Watching Katy Perry eat a corn dog while singing “Hotty Toddy” was amusing — for everybody but LSU fans, anyway.

The pop star didn’t say anything offensive or negative about LSU on the video board last Saturday at Ole Miss – but fans from across the country knew she was taking a shot at the visiting team, referring to her infamous “LSU fans smell like corn dogs” remark she made last year on ESPN’s College GameDay show.

Perry’s antics have legs. Earlier this week, a billboard along an interstate in New Orleans showed the final score: Ole Miss 38 with the school logo, LSU 17 accompanied by corn dogs.

So who’s going to up the ante? We all know somebody will.
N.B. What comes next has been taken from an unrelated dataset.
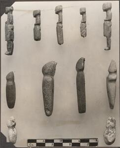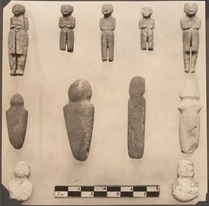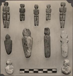 Material relating to the excavation of Trapeza Cave near Tzermiado, Lasíthi Plain, Crete (4-19 May 1936). This excavation took place under the auspices of the British School at Athens and was conducted by John Pendlebury, Hilda Pendlebury, Mercy Money-Coutts and Ralph Lavers. With Manolaki (from Knossos) and Ioannes Meliarakes as foremen. The notebook contains: a list of workmen (mainly from Tzermiado); a description of the cave including location, what locals said about the cave and sherds found on an earlier trip in June and July 1935; diagrams of stroses [stratigraphy] inside and outside the cave; a hand drawn plan of the Lasithi plain; a cross section diagram of part of the cave; a rough diagram of the cave divided into sections based on a sketch by [Ralph] Lavers; a “diagrammatic section of the cave, showing strata excavated”; and a catalogue of photographs listing negative numbers, description and how numbered objects were arranged in the photographs. The notebook also contains (written from the other end of the book): notes on the analysis of “stroses” [stratigraphical layers] including details of objects found in sections and bones thrown away; catalogues of finds divided into “stone vases and objects”, “beads, buttons etc and miscellaneous”, “metal” detailing reference numbers, material, dimensions, any remarks, the provenance (exact section of cave), whether there was a drawing and photograph number; and lists of seals and figurines divided into type and detailing reference number and material. Mostly in John Pendlebury’s handwriting, but also includes notes in Hilda Pendlebury’s handwriting and another person’s [possibly Mercy Money-Coutts or Ralph Lavers].

What school can deliver the funniest insult to the visiting team via the video board or PA system without doing it directly?

Surprisingly, the SEC was quiet — at least publicly — about Perry’s jab at LSU.

You know LSU will have something planned for Ole Miss when the Rebels play at Tiger Stadium next year. And who wants to mess with an athletic department that owns its own live tiger with a cage that can be moved in front of the visitors’ entrance tunnel? Or a crowd that prides itself in its fanaticism and craziness?

Katy Perry and Ole Miss — if its athletic department didn’t know what Perry was going to do, they should have expected something in bad taste — crossed the line into bad sportsmanship.

It was funny. It was edgy. But it opens the door to an escalation of taunting and poor sportsmanship. Soon, it will go too far.

Should the home team use stadium media to taunt or ridicule the visiting team?

Of course not. It’s just asking for trouble — in the stands and on the field. That’s why baseball teams aren’t allowed to use music to target opposing players when they come to bat.

Let fans make signs and students make obnoxious chants. Each incident is seen and heard by a small segment of the crowd. PA systems and video boards effect crowds of more than 100,000.

Make no mistake, taunts and insults all part of the game, adding to the spectator experience. But it’s not appropriate for an athletic department to participate.

SEC schools should be above such foolishness.